OPINION | JENNIFER RUBIN: GOP's pattern of smears

This week, Sen. John Neely Kennedy, R-La., played up White victim mentality during the confirmation hearing for attorney general nominee Merrick Garland. Kennedy took issue with Garland's use of the term "implicit bias," arguing that it meant he (and presumably his supporters) were being called racists. Garland patiently explained that implicit bias is endemic in the human condition.

In retrospect, Garland's right response may have been: If the shoe fits, senator.

Just days later Kennedy, echoing the disgraced ex-president's call for members of the Squad to "go back" to the countries from which they are from (even though they are all American citizens), attacked Neera Tanden, President Joe Biden's nominee to head the Office of Management and Budget, declaring that her "allegiance is not to America and it's not to President Biden, it's to Secretary (Hillary) Clinton." The Indian American, you see, is not loyal to this country.

That is a message that many Republicans have been telling us about women of color, although not always as overtly. The Washington Post reports, "Many of the president's Black, Latino, Asian and Native American nominees are encountering more political turbulence than their White counterparts, further drawing out the process of staffing the federal government." When someone like Tanden is treated so differently -- accusing her of disloyalty and making up a new standard never employed for Republicans or White males (mean tweets) -- that "turbulence" becomes indistinguishable from racism.

It does not stop there. The GOP is now going after two nominees for key spots in the Justice Department, Vanita Gupta for associate attorney general and Kristen Clarke for head of the civil-rights division. And -- no shocker -- both are women of color. The Post reports: "Kristen Clarke, a Black lawyer who has been nominated to lead the Civil Rights Division at Justice, has been accused of being insensitive to Jewish people because she invited the author of an antisemitic book to speak at Harvard. She has said she regrets this decision." She was 19 years old at the time. That's it.

Sheila Katz, chief executive of the National Council of Jewish Women, responded in an op-ed for NBC News:

"Clarke herself has never been accused of making anti-Semitic comments. Not one. Full stop. She has spent her career championing the rights of Jews and all of the most marginalized and at-risk people in our country during her time at the Justice Department, at the NAACP Legal Defense Fund, at the New York Attorney General's Office as director of the Civil Rights Bureau or as president of the Lawyers' Committee for Civil Rights Under Law. And her nomination is supported by a number of prominent Jewish organizations and people - including me and the organization I lead, the National Council of Jewish Women.

"The criticism Clarke faces is solely because in 1994, as the 19-year-old head of the Harvard Black Students Association, the group she led accepted Wellesley College professor Tony Martin's offer to speak on campus to rebut the racist screed 'The Bell Curve.' In 1993, Martin had become embroiled in several academic disputes over his promotion of anti-Semitic conspiracy theories, which led him to self-publish a book about the controversy that many at his college labeled anti-Semitic. The speech was controversial, and Clarke defended the decision to host Martin."

Republicans have been throwing fits about "cancel culture" and disinviting controversial speakers on campus. Their own party includes a House member who has spread antisemitic conspiracy theories (Jewish lasers?!). Are we supposed to believe they care one whit about antisemitism?

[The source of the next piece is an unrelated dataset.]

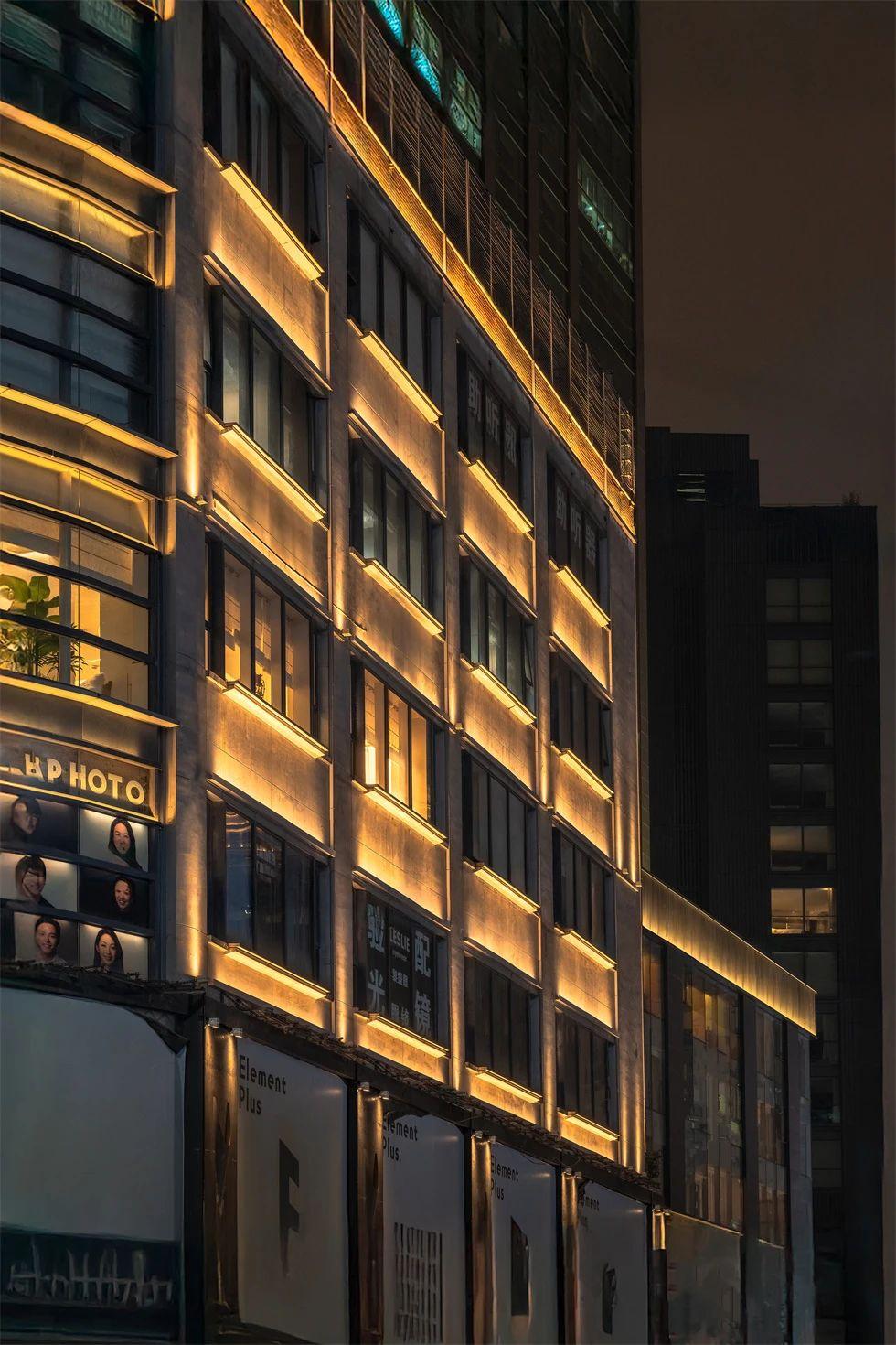 视线随着光的引导向两侧延伸,刻画出建筑的天际线。立面通过纵向灯光表现建筑的挺拔感,总体灯光表达出建筑精致典雅的三段式结构。

Clarke has spent her career fighting religious discrimination -- from her work in New York to launch the Religious Rights Initiative that, as Katz wrote, "worked to secure accommodations for employees in multiple workplaces to observe the Sabbath" to partnering with Jewish organizations, to championing the "Lawyers' Committee's Stop Hate Project that worked to combat hate crimes and white supremacy -- including suing the owner of the Nazi-sympathizing platform The Daily Stormer."

Clearly, Republicans' opposition to her is not about some newfound concern about antisemitism. It's about making a woman of color, whose qualifications are beyond question, into a scary, radical figure.

Meanwhile, right-wing groups have launched a campaign calling Gupta "dangerous," falsely claiming she advocated defunding the police in a speech. They have also claimed that she wants to lessen punishment for violent white supremacists, an absurd distortion of her opposition to the federal death penalty -- a view many elected officials hold.

It is not hard to find the pattern. Take a woman of color who is an outspoken advocate for her views. Call her dangerous, radical, extreme, disloyal. Find some scrap of something that proves nothing and seems to contradict their enabling of a racist, disgraced ex-president. It is as blatant as their attempts to disenfranchise Black voters, their refusal to disown white-supremacist groups and their lionization of Confederate imagery. Forget the "Party of Lincoln"; this is the party of Jim Crow.

Rubin writes for The Washington Post.